One of the most attention-getting has come from the U.S. Army, which is projecting that Fort Campbell, Ky. - a major economic driver in northern Tennessee - will see a cut of $69 million over the rest of the fiscal year.

The Army also is projecting Tennessee-specific impacts that include:

• a $13.43 million cut in National Guard funding.

• a $3.05 million cut in Army Reserve funding.

• 2,496 civilian employees furloughed.

• 64 private sector jobs lost.

• 89 jobs lost from decreased military construction.

• $13 million lost for military acquisition and base investments.

Meanwhile, a report from the Senate Appropriations Subcommittee on Labor, Health and Human Services shows that sequestration would cost Tennessee Head Start programs $10.7 million, eliminating service for nearly 2,000 children.

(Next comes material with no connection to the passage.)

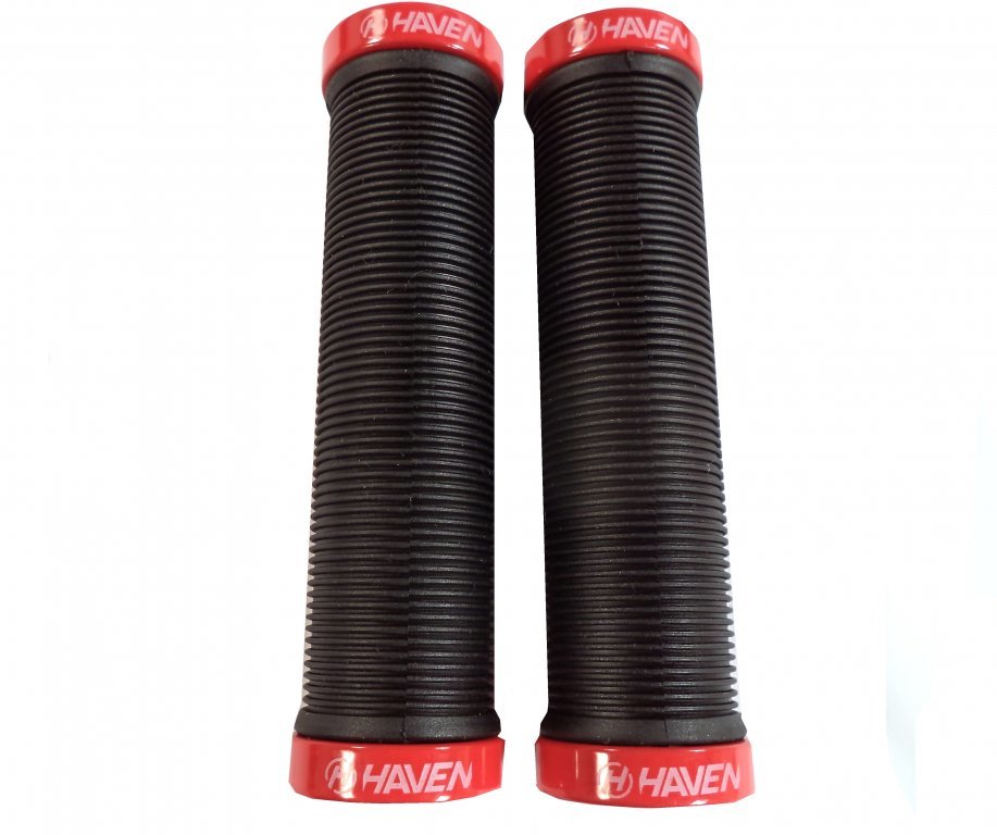 Gripy możliwe do używania nawet bez rękawic dzięki delikatnemu i przyjemnemu żłobkowaniu, które tłumi drgania i zwiększa pewność chwytu. Dwie obejmy zapobiegające obracaniu się. Materiał: guma. Długość: 130 mm. Kolor: czarny, czerwone obejmy przeczytaj całość
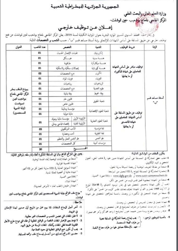 اعلانات عن توظيف في ولايات غرداية تمنراست عين تيموشنت تيارت بسكرة ام البواقي مستغانم قالمة غرداية تلمسان تيبازة سطيف المسيلة

Federal child care services would be cut $4.1 million, the report said, with 2,474 fewer children served. Education programs, especially those targeted at low-achieving schools, would take a hit of $770,164.

A report from the Pew Charitable Trusts shows that Tennessee would take an above-average hit. It said federal programs subject to the sequester equal 7.7 percent of state revenues in Tennessee, compared with an average of 6.6 percent for all 50 states.

It also showed federal spending on nondefense programs equal to 3.1 percent of state domestic product in Tennessee, compared with a national average of 1.8 percent. The figure reflects the federal investment in the Oak Ridge National Laboratories, among other facilities.

Another report, from Wells Fargo Securities, showed Tennessee at "moderate risk" from the sequester, with federal spending equaling 4.9 percent of state gross domestic product.

And a study from Stephen Fuller, regional economic analyst at George Mason University, predicted that Tennessee's total job losses from the deficit-reduction mechanisms set in place would total 39,120.

Sen. Bob Corker said there are better ways to make headway against deficits, primarily by reforming entitlements.

"Senator (Lamar) Alexander and I have offered specific legislation that would reduce the growth of spending on Medicare, Medicaid and Social Security by roughly $1 trillion and could be used to replace sequestration," Corker said.

"It's disappointing that rather than offering solutions to avoid the sequester he created, President (Barack) Obama has resorted to campaign-style scare tactics."

Despite having voted for the legislation that set up the sequester process, Rep. Diane Black, R-Gallatin, blamed the issue on Obama.

"The president's sequester is the wrong way to reduce the deficit. For more than a year, the president's own secretary of Defense has said that the sequester will devastate our military," Black said in a prepared statement.

"Nevertheless, the president has refused to put forward any plan to replace his sequester, and the Democrat-controlled Senate has not even voted on a solution. In contrast, the Republican-led House - with my support - has passed legislation on two occasions to replace the President's sequester with common-sense cuts and reforms that would lead to a balanced budget in a decade."